• Exercise
Look through the records below for the line with "Ταβέρνα Το Ρομάντζο" and the line with "Die Fähre nach", then return those lines and all lines between, exactly.

• Source data
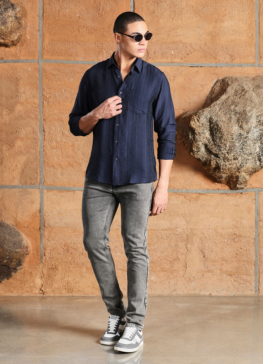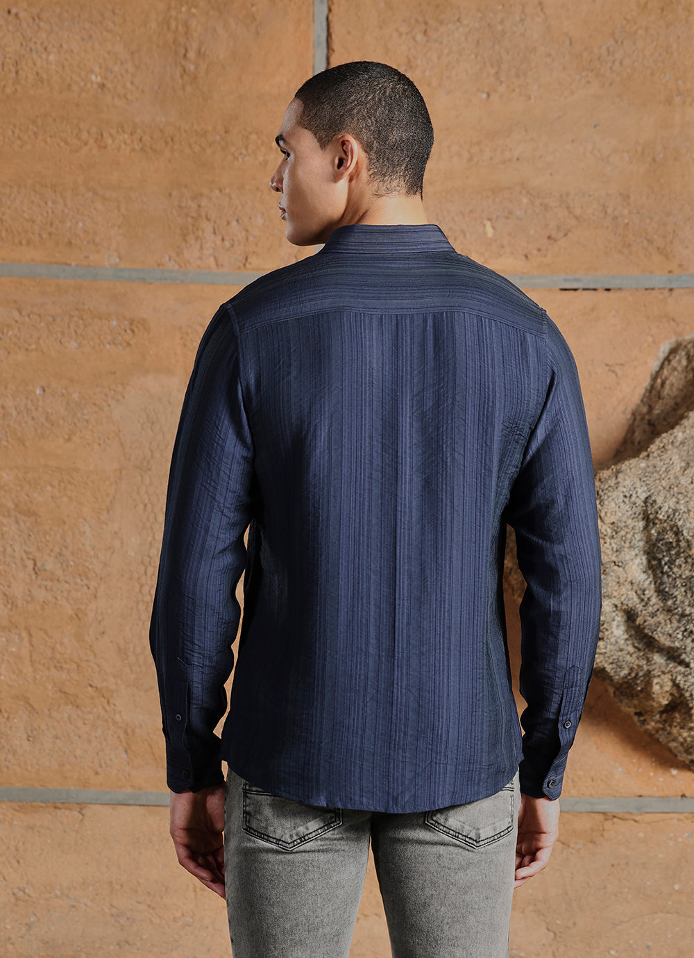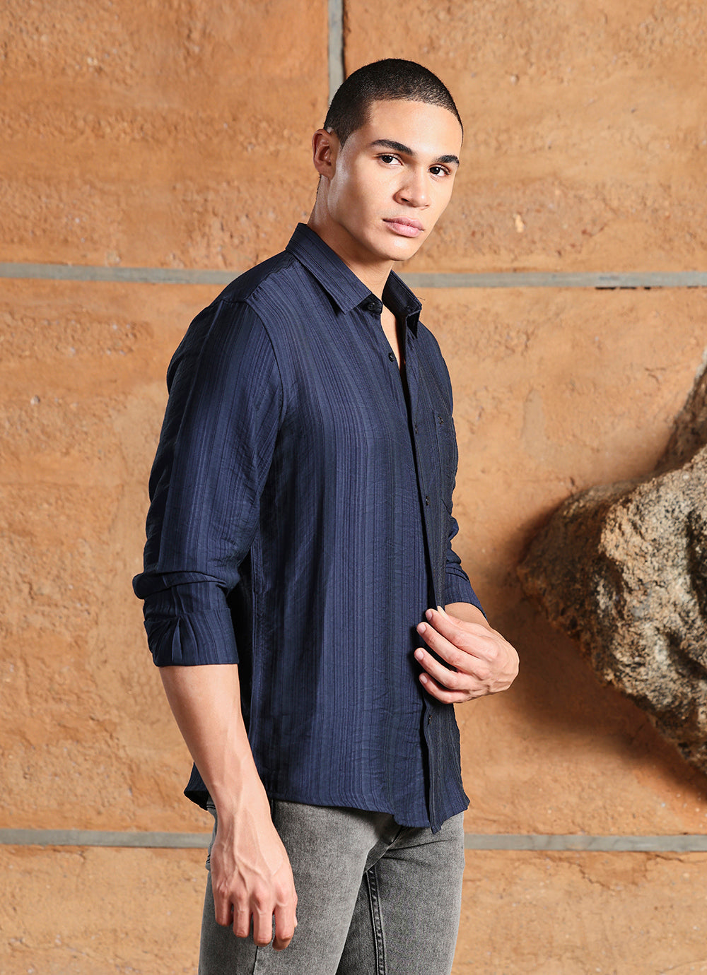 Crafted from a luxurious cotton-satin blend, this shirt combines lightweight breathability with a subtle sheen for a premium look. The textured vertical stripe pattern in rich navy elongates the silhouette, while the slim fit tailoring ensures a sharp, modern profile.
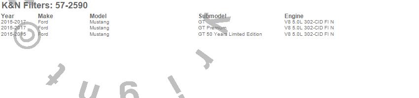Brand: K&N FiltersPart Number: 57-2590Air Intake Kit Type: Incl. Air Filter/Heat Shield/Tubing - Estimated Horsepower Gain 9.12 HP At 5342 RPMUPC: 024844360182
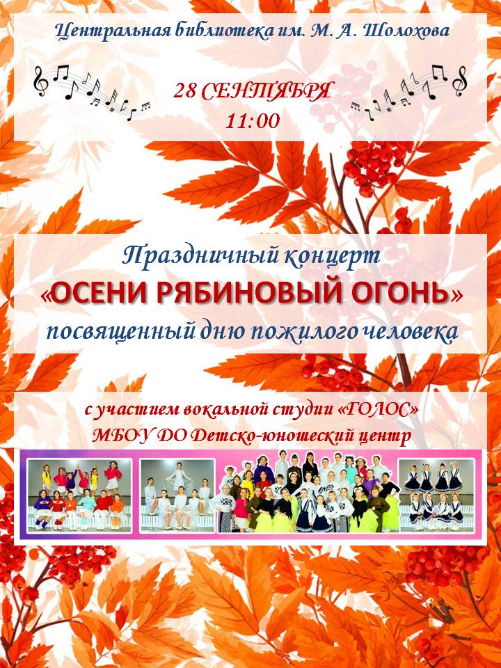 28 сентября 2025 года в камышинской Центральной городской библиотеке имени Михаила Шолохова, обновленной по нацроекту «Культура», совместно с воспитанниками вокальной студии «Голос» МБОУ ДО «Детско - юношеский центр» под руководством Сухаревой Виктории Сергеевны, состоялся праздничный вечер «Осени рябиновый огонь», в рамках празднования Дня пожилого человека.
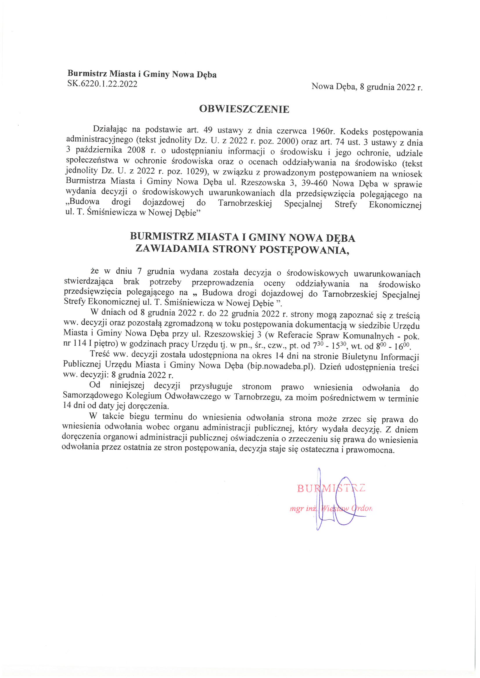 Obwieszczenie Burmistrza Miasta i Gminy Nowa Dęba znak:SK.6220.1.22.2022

--

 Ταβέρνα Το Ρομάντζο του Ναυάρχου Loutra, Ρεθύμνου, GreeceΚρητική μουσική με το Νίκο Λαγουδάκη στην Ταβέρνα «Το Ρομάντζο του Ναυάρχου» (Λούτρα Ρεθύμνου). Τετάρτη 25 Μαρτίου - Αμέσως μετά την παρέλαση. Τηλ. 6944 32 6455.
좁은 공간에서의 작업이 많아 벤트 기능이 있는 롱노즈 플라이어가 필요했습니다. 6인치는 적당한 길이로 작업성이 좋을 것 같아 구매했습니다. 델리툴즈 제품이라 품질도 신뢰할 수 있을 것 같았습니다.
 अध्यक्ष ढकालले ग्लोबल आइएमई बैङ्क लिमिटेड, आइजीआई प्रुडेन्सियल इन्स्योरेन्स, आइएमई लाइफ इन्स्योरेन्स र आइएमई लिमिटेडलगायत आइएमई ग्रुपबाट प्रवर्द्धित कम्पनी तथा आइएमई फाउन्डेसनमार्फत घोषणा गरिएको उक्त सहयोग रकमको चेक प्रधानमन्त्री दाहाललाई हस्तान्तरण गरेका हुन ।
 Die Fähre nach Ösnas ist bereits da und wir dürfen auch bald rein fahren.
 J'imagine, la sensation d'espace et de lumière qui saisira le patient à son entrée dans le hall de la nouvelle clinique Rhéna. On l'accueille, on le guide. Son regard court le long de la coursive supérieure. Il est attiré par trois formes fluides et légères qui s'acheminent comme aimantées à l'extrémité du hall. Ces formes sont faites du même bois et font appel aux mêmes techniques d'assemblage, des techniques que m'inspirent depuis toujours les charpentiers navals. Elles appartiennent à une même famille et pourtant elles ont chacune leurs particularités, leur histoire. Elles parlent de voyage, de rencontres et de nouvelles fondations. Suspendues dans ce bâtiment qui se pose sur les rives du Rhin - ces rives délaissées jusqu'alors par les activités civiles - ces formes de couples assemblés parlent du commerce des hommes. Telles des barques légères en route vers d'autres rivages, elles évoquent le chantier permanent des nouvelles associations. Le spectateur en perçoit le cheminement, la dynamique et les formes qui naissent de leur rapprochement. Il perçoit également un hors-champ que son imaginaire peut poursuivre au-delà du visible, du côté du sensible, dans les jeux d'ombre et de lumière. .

• Task answer
 Ταβέρνα Το Ρομάντζο του Ναυάρχου Loutra, Ρεθύμνου, GreeceΚρητική μουσική με το Νίκο Λαγουδάκη στην Ταβέρνα «Το Ρομάντζο του Ναυάρχου» (Λούτρα Ρεθύμνου). Τετάρτη 25 Μαρτίου - Αμέσως μετά την παρέλαση. Τηλ. 6944 32 6455.
좁은 공간에서의 작업이 많아 벤트 기능이 있는 롱노즈 플라이어가 필요했습니다. 6인치는 적당한 길이로 작업성이 좋을 것 같아 구매했습니다. 델리툴즈 제품이라 품질도 신뢰할 수 있을 것 같았습니다.
 अध्यक्ष ढकालले ग्लोबल आइएमई बैङ्क लिमिटेड, आइजीआई प्रुडेन्सियल इन्स्योरेन्स, आइएमई लाइफ इन्स्योरेन्स र आइएमई लिमिटेडलगायत आइएमई ग्रुपबाट प्रवर्द्धित कम्पनी तथा आइएमई फाउन्डेसनमार्फत घोषणा गरिएको उक्त सहयोग रकमको चेक प्रधानमन्त्री दाहाललाई हस्तान्तरण गरेका हुन ।
 Die Fähre nach Ösnas ist bereits da und wir dürfen auch bald rein fahren.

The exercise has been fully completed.